++++ DATA PROVIDED ++++

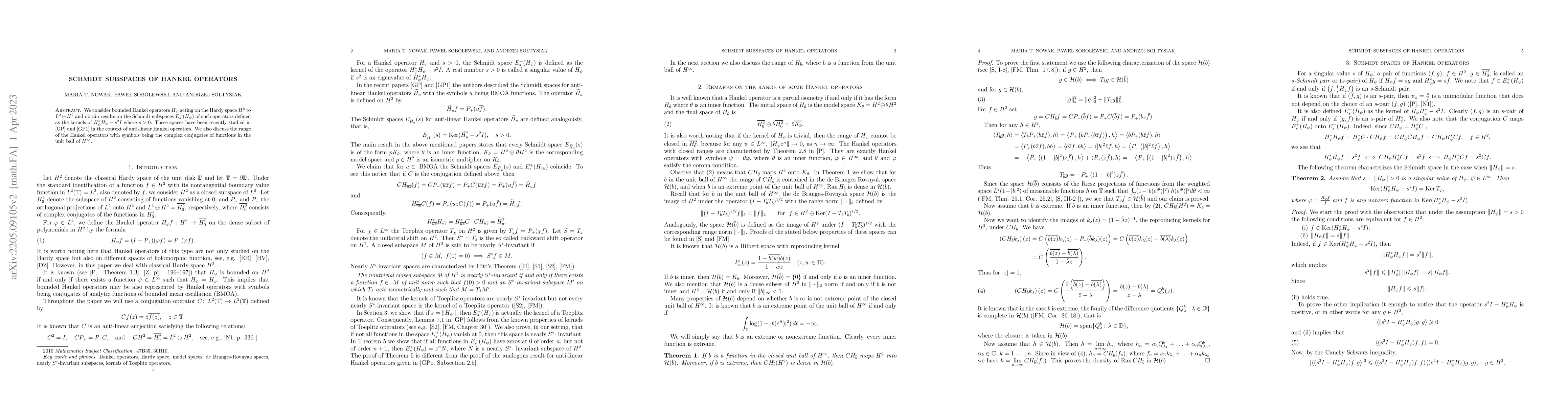 We consider bounded Hankel operators $H_{\psi}$ acting on the Hardy space $H^2$ to $L^2\ominus H^2$ and obtain results on the Schmidt subspaces $E^+_s(H_\psi)$ of such operators defined as the kernels of $ H_{\psi}^{\ast}H_{\psi}-s^2I$ where $s>0$. These spaces have been recently studied in \cite{GP} and \cite{GP1} in the context of anti-linear Hankel operators. We also discuss the range of the Hankel operators with symbols being the complex conjugates of functions in the unit ball of $H^{\infty}$.
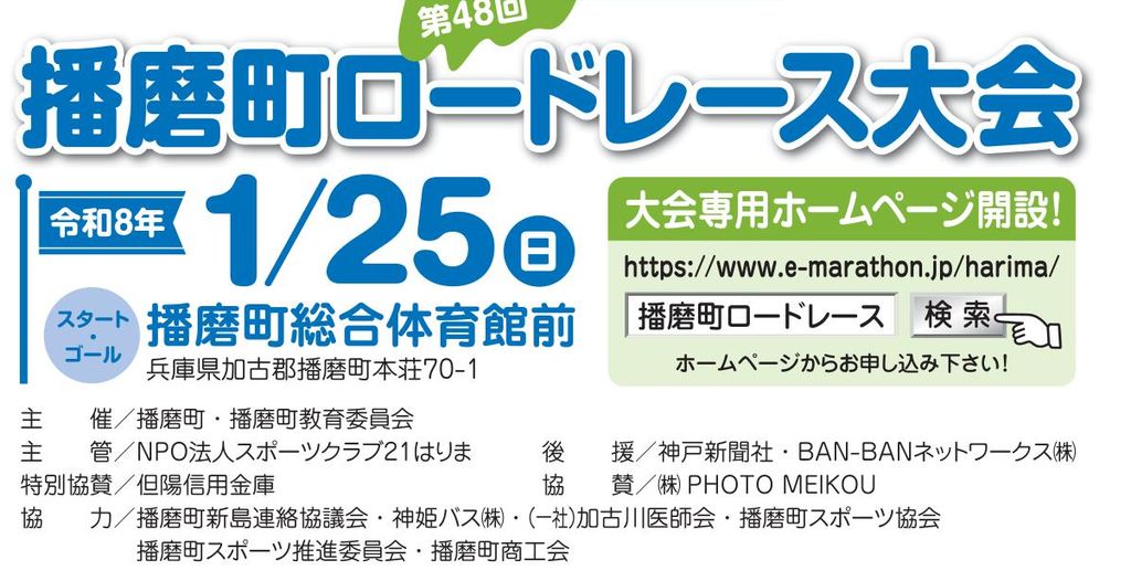 【お問い合わせ】播磨町ロードレース大会事務局(NPO法人スポーツクラブ21はりま内)
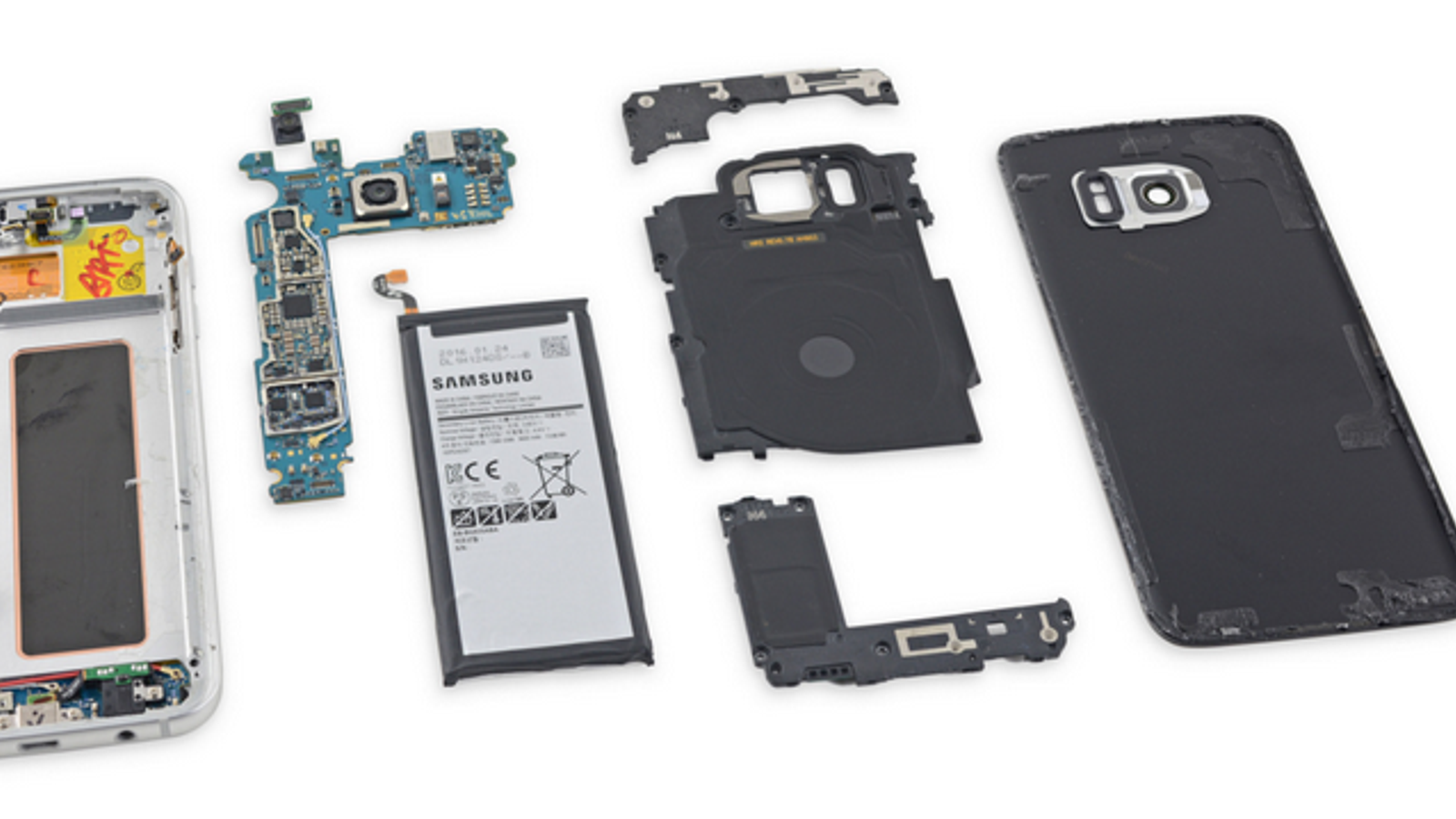 Вслед за меньшим братом на препараторский стол iFixit попал смартфон Samsung Galaxy S7 edge. Забегая вперёд, отметим — наличие изогнутого дисплея не поспособствовало снижению баллов по сравнению с Galaxy S7. То есть S7 edge также заработал три балла из десяти.

++++

EXERCISE DETAILS: Each line of the data needs to be output exactly, with any image excluded.

ANSWER:
 We consider bounded Hankel operators $H_{\psi}$ acting on the Hardy space $H^2$ to $L^2\ominus H^2$ and obtain results on the Schmidt subspaces $E^+_s(H_\psi)$ of such operators defined as the kernels of $ H_{\psi}^{\ast}H_{\psi}-s^2I$ where $s>0$. These spaces have been recently studied in \cite{GP} and \cite{GP1} in the context of anti-linear Hankel operators. We also discuss the range of the Hankel operators with symbols being the complex conjugates of functions in the unit ball of $H^{\infty}$.
 【お問い合わせ】播磨町ロードレース大会事務局(NPO法人スポーツクラブ21はりま内)
 Вслед за меньшим братом на препараторский стол iFixit попал смартфон Samsung Galaxy S7 edge. Забегая вперёд, отметим — наличие изогнутого дисплея не поспособствовало снижению баллов по сравнению с Galaxy S7. То есть S7 edge также заработал три балла из десяти.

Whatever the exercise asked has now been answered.